Let the beauty we love be what we do.
There are a hundred ways to kneel and kiss the ground.
I love the phrase, “Let the beauty we love be what we do.” It expresses a sense of completeness that we have when we work on something we love. I had such a feeling when I was on the Court. I believe it is something we all strive to obtain with varying degrees of success. I am trying now to recapture that sense of wholeness. I can’t return to the Court, but as Rumi says, “There are a hundred ways….”
That said, the image I focus on today is the awakening empty and frightened. Rumi counsels to take down the musical instrument. I remember listening to Kelley working through her teenaged anxieties by playing the piano. She would come upstairs after such a session with a look of total peace. I have had friends who instinctively knew that they needed to pick up the guitar, the violin, or simply bang on the drums until they had worked through their loneliness or fears. I notice now that many athletes wear headphones or ear pieces listening to music before the game or event. Do you think that is what Rumi meant or perhaps he is saying something else? What about those poor souls like me who have a tin ear, and no ability to even play the harmonica? Perhaps, Rumi would answer my question by saying. There are many ways to make music and an instrument is but one, “There are a hundred ways….”
Your Friend, Webb
Webb,
I love that Rumi quote! And it reminds me of a quote from Gandhi: “Be the change you wish to see in the world.” The other side of those two quotes is that space that is all to familiar to most of us – the “not good enough”, “not lovable”, “looking stupid” part of us that holds us back, keeps us tied in knots, limits who we can become. And, of course, that person is the creation of our ego, a force that tries to protect us from getting hurt, from failing and is based on the perceptions of our very young childhood.
I’m reading a book, Awakening”, by a Sufi, Pir Vilayat Inayat Khan.

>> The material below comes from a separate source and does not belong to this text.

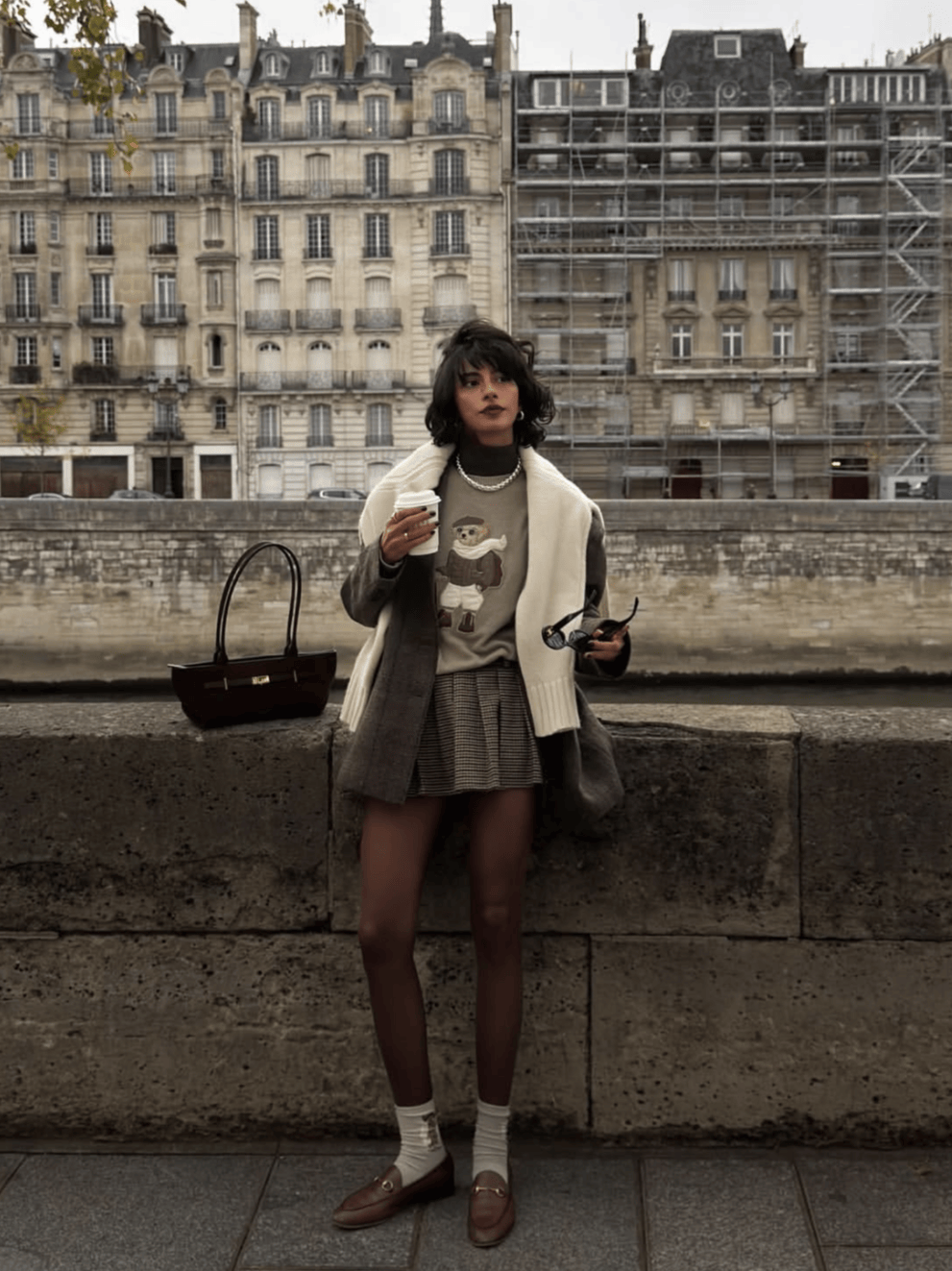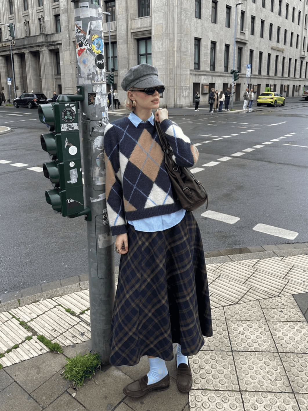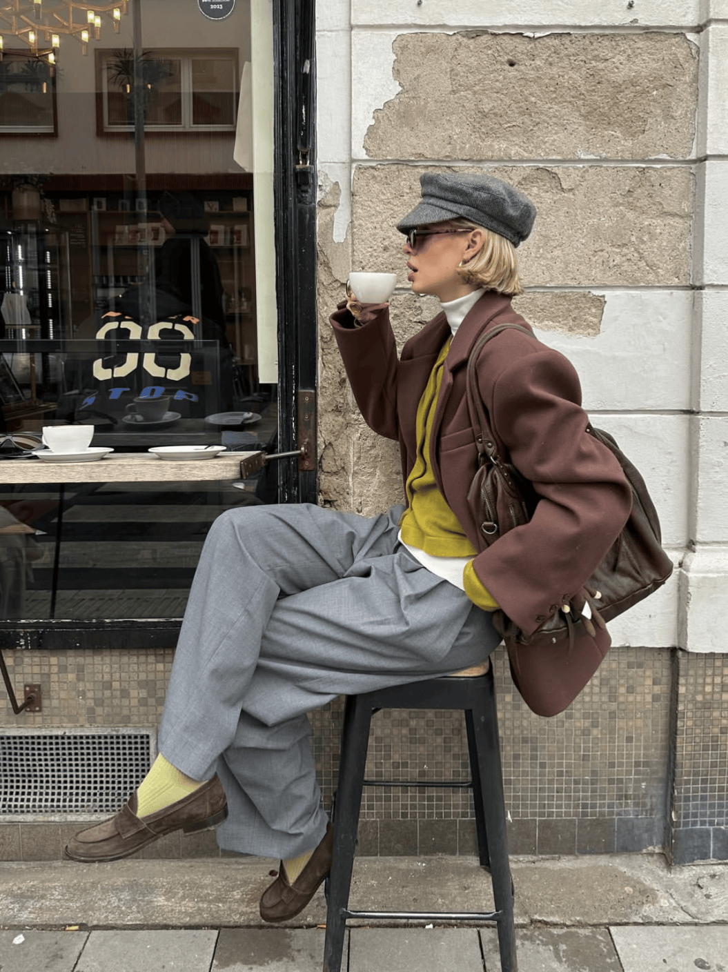 又或者是配饰,一身棕色look,则靠一双动人心魄的蓝色针织衫和蓝色裤袜,让人对蓝配棕再次心动。

He says “the ego is a false notion of what we are. ….(M)ost of us, as we struggle through life, attempt to derive our strength solely from our self-image as a separate ego — a source of weakness that ultimately compounds our problems. … (T)here is a tendency to fall back on the ego, resorting to its inadequate strategies of defenses, denial, or wishful thinking.”
I am working literally every day –sometimes more effectively than others– to calm the ego through a set of spiritual practices, readings, setting intentions, being on my breath, and being in service. I turn 70 in a couple weeks, and you’d think I’d have figured this out by now… ooops, that was my sneaky ego….
tom
Tom just reading your post brings me calm. Thanks. Webb
Dad – I really enjoy this post. I especially love the quote that you highlighted, but I also focused on “Don’t open the study and read a book, play a musical instrument.” I think this challenges the reader to do something different than their normal routine. A study is not just for reading, but for studying something that you love. I think the Sufi writer is encouraging us to use our space to do something that we love in one hundred different ways, and to fill our emptiness with love as well.
Thank You Kelley. Nice thoughts. Dad.